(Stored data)
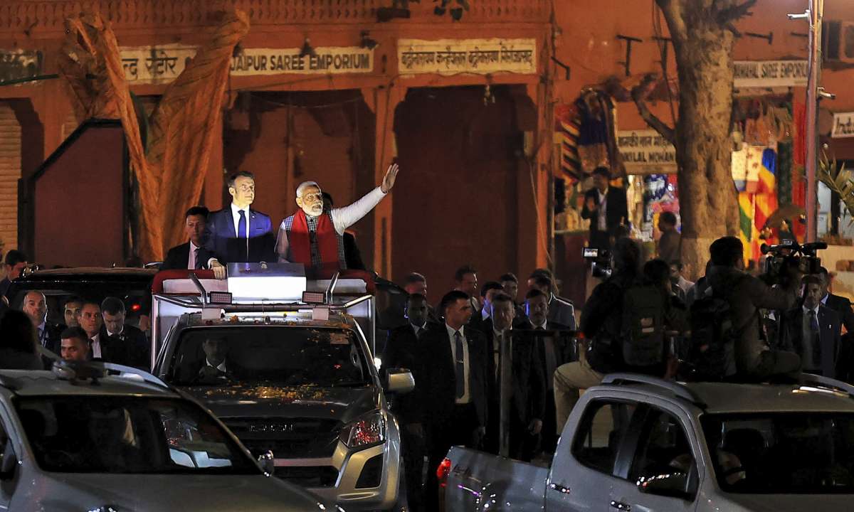फ्रांस के राष्ट्रपति इमैनुएल मैक्रॉन भारत की अपनी दो दिवसीय राजकीय यात्रा के तहत गुरुवार को जयपुर पहुंचे। फ्रांसीसी नेता गणतंत्र दिवस परेड 2024 में मुख्य अतिथि के रूप में भी शामिल होंगे। जयपुर अंतरराष्ट्रीय हवाईअड्डे पर पहुंचने पर विदेश मंत्री एस जयशंकरए राजस्थान के राज्यपाल कलराज मिश्र और मुख्यमंत्री भजन लाल शर्मा ने उनका स्वागत किया। प्रधानमंत्री नरेंद्र मोदी और फ्रांस के राष्ट्रपति इमैनुएल मैक्रॉन ने जयपुर में हवा महल का दौरा किया।
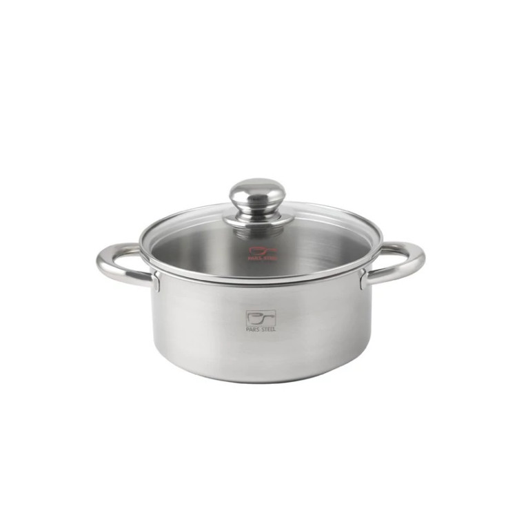 قابلمه پارس استیل مدل 200 سایز 20 با بدنهای از استیل ضدزنگ و ضدخش برای پختن غذایی سالم و لذتبخش بهترین گزینه است. ظروف استیل از قدیم ایام بسیار مورد استقابل و توجه بودهاند. دلیل اهمیت این ظروف دوام طولانی مدت و سازگاری با انواع مواد غذایی است. برای شستن ظروف استیل هیچ نگرانی به خود راه ندهید. فقط کافیست برای مدت کوتاهی مقداری آب گرم در آن ریخته تا کاملا تمیز شود. حتی استفاده از ماشین ظرفشویی برای شستن قابلمه پارس استیل بلامانع است. قابلمه پارس استیل دارای گنجایش 3.3 لیتر بوده و با ارتفاع 10 سانتیمتر برای دو تا چهار نفر کافی خواهد بود. کفی آلومینیوم سهلایه مانع از چسبندگی و سوختن غذا میشود و حرارت بهصورت یکنواخت به تمام ظرف منتقل میشود. محصولات پارس استیل با انواع اجاقگازها سازگار است و هیچ آسیبی به کف ظرف و گاز وارد نخواهد آمد.
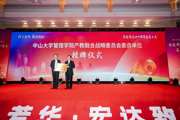活動現(xiàn)場同步推進產(chǎn)教融合新舉措:中山大學(xué)管理學(xué)院學(xué)生社會實踐基地正式揭牌,“宏達”以該校產(chǎn)教融合戰(zhàn)略委員會委員單位身份,為學(xué)子提供實踐平臺。
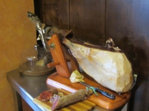 This is our first Galician village. As such we were pleasantly surprised by the number of restored homes of the Celtic design. They are similar to those built all over Brittany and the British Isles. They are build of stone in an oval pattern. The roofs are thatch with no chimneys since the smoke eventually escapes through the thatch. We experienced that last summer in Ireland and Scotland. No wonder they immigrated. But the smoke was great for curing ham. Peggy got a good picture of ham on a hoof.
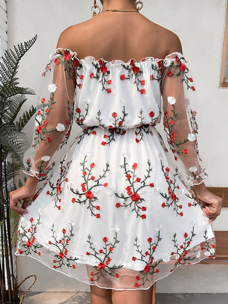 Elegant Embroidery Print See-through Mesh Mini Dress
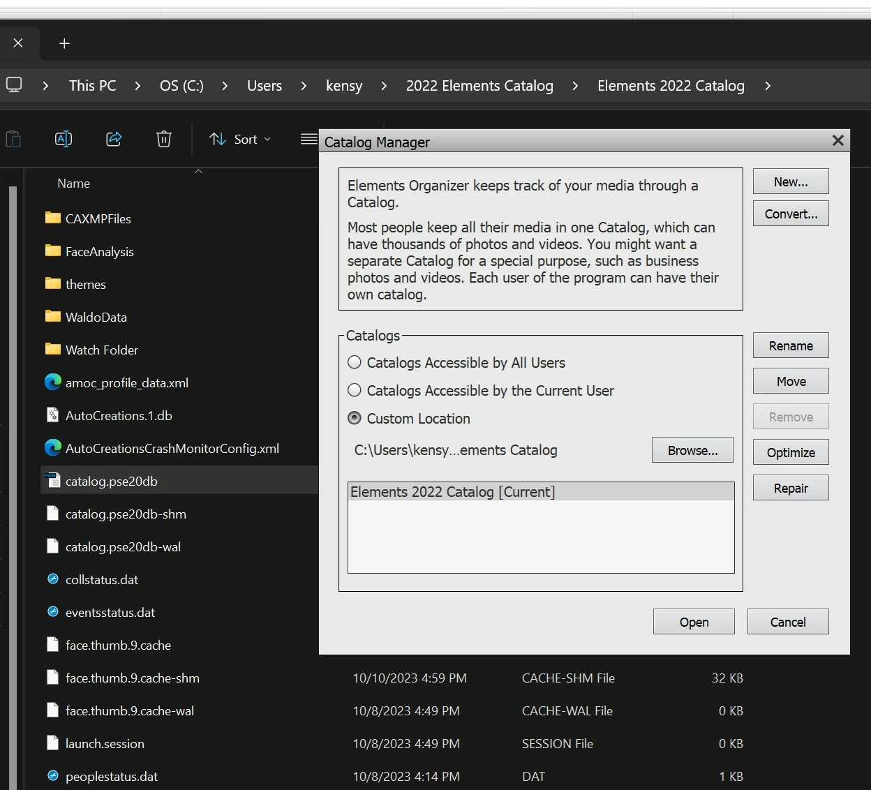 Given the date on catalog.pse20db, plus the other support folders and files in the folder Elements 2022 Catalog, it seems to my admittedly ignorant eyes, that catalog.pse20db is the better of the two catalogs to use. What do you think?
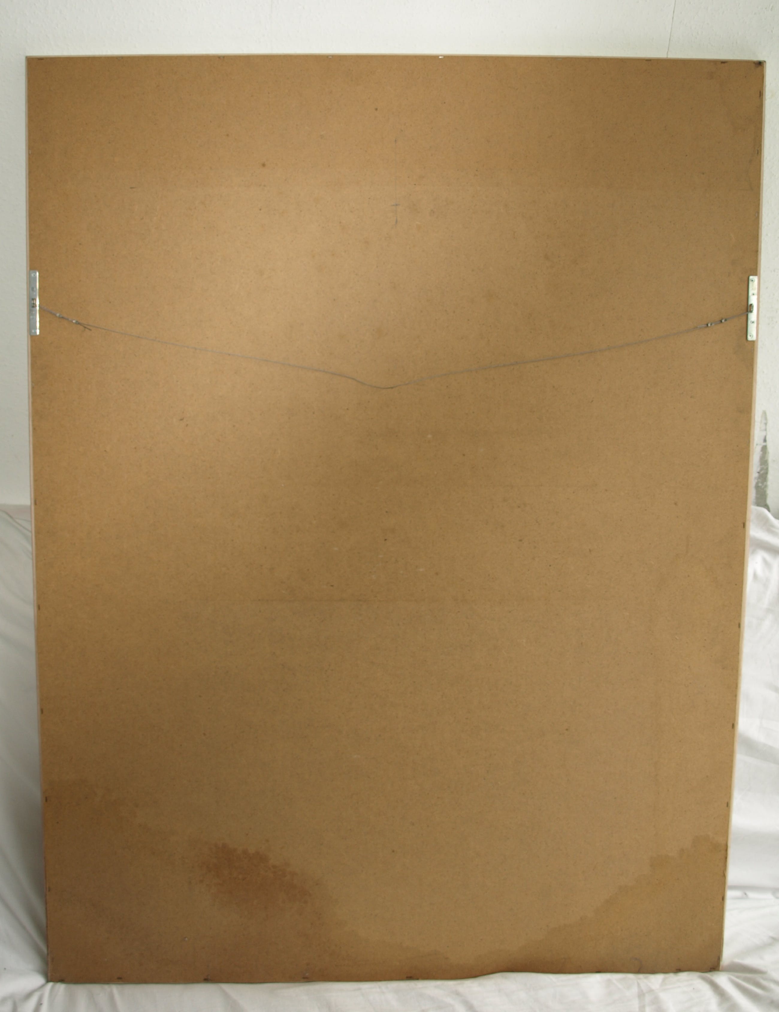 lichte vlekjes. De lijst heeft slijtplekjes. De kartonnen achterplaat heeft aan de onderrand (vocht)vlekken.

- AIM OF THE EXERCISE
Exact copy, pictures excluded: every line above from the one containing "活動現(xiàn)場同步推進" to the one containing "Elegant Embroidery Print", inclusive, and nothing more.

- THE ANSWER
活動現(xiàn)場同步推進產(chǎn)教融合新舉措:中山大學(xué)管理學(xué)院學(xué)生社會實踐基地正式揭牌,“宏達”以該校產(chǎn)教融合戰(zhàn)略委員會委員單位身份,為學(xué)子提供實踐平臺。
 This is our first Galician village. As such we were pleasantly surprised by the number of restored homes of the Celtic design. They are similar to those built all over Brittany and the British Isles. They are build of stone in an oval pattern. The roofs are thatch with no chimneys since the smoke eventually escapes through the thatch. We experienced that last summer in Ireland and Scotland. No wonder they immigrated. But the smoke was great for curing ham. Peggy got a good picture of ham on a hoof.
 Elegant Embroidery Print See-through Mesh Mini Dress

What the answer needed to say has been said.